Business readiness


What are Guarantees?

A guarantee is a legal obligation to perform certain acts or make certain payments in the event that a third party fails to honour their obligation to do so or vice versa.

A guarantee document is any legal document that evidences the obligations that your company will have to fulfill on behalf of a third party in case the third party fails to meet them or vice versa.

Guarantees are usually given to financial or non- financial institutions before entering into a funding or purchase agreement with them.

The document will typically include information on the type of agreement; terms and conditions, and roles and responsibilities related to the obligations; tenure of the guarantee; and details on the parties involved. It also captures details of all previous obligations fulfilled by your company. The obligations commonly covered under such an arrangement include:

  • To purchase, pay, or supply funds for repaying a debt on behalf of the other party
  • To purchase or lease property, securities, or services on behalf of the other party
  • To meet financial and operational performance requirements stipulated by the financiers or lenders on behalf of the other party

Why are Guarantees important for business today?

Having ready access to guarantee documentation enables your company to:

  • Assess the nature and type of the obligations that your company has to fulfill
  • Comply with the terms and conditions stipulated in the guarantee agreements
  • Evaluate your company’s roles and responsibilities under such arrangements
  • Meet the financial and operational performance, or covenants stipulated by the financiers or lenders
  • Keep track of the status of those parties whose obligations you are guaranteeing in order to mitigate the risk that your guarantee will be called upon

Why are Guarantees important for an event tomorrow?

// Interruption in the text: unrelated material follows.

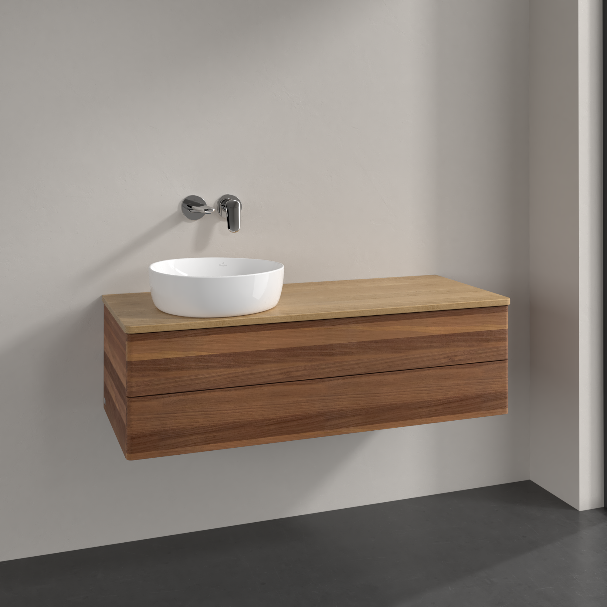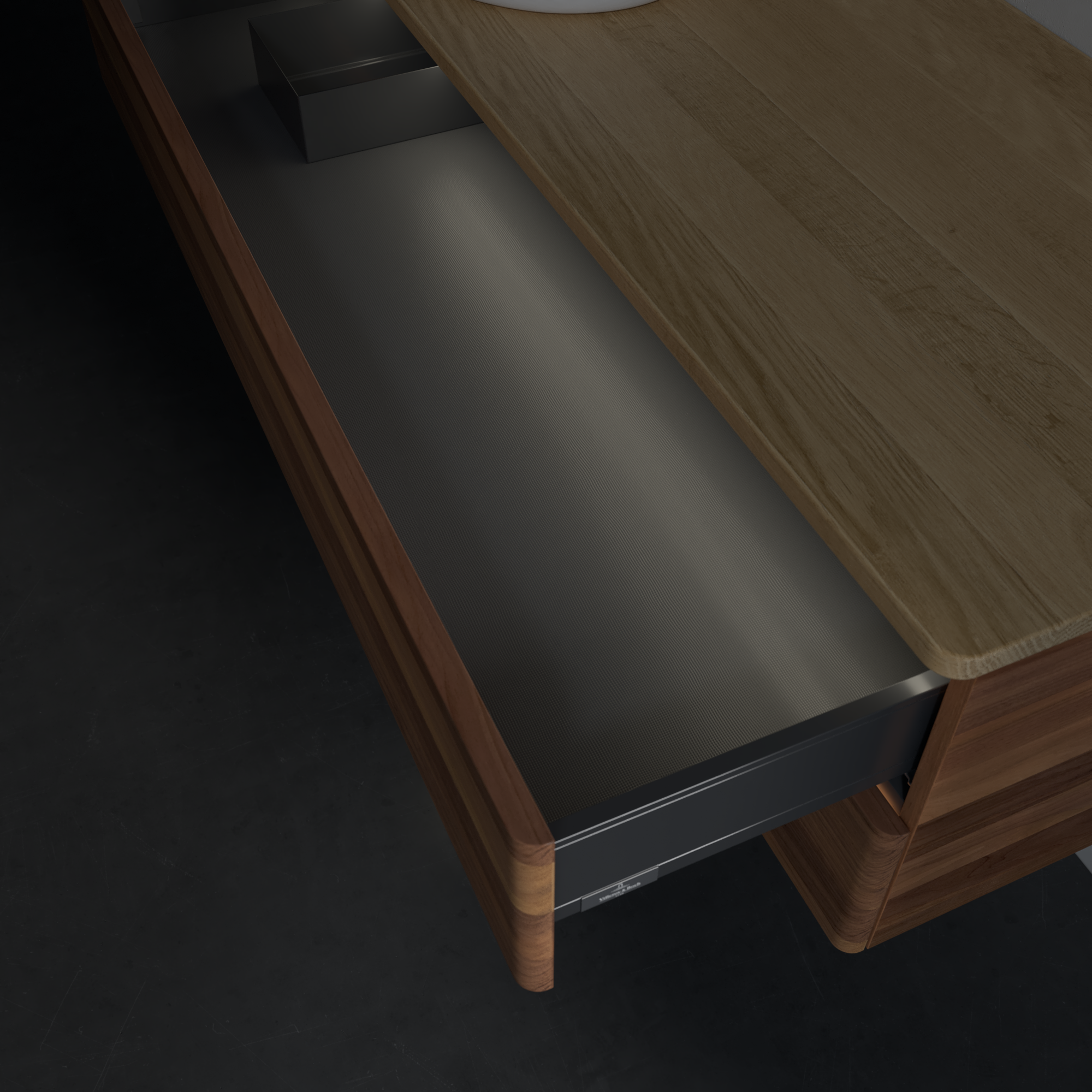 Antao Meuble sous plan, avec éclairage, 2 tiroirs sur rails, 1200x360x500mm, Façade sans structure, Caisson: Warm Walnut, Façade: Warm Walnut, Plaque de recouvrement: Honey Oak

Ready access to guarantees documentation is important for an event tomorrow, as it helps potential investors to:

  • Evaluate the level of protection offered by a third party to your company or vice versa
  • Determine which guarantees related to entities within the group of entities that are involved in the proposed transaction vs those that are outside
  • Assess the strategies formulated and the funds created by your company to meet such obligations
  • Evaluate the breadth and depth of your company’s relationships with third parties

Pros of addressing Guarantees

  • Provides potential investors with clarity over the guarantee obligations that exist to or from third parties
  • Helps formulate strategies and create reserves to meet the obligations of the third party in case they fail to meet them
  • Mitigates liabilities and business risks that may lead to penalties, or litigations due to any non- compliance

Cons of not addressing this topic

  • Increases the timing management need to commit to a due diligence process due to the need to search through and identify these guarantee agreements or clauses
  • Impacts your financial performance, as strategies and reserves to meet guarantee obligations are not formulated.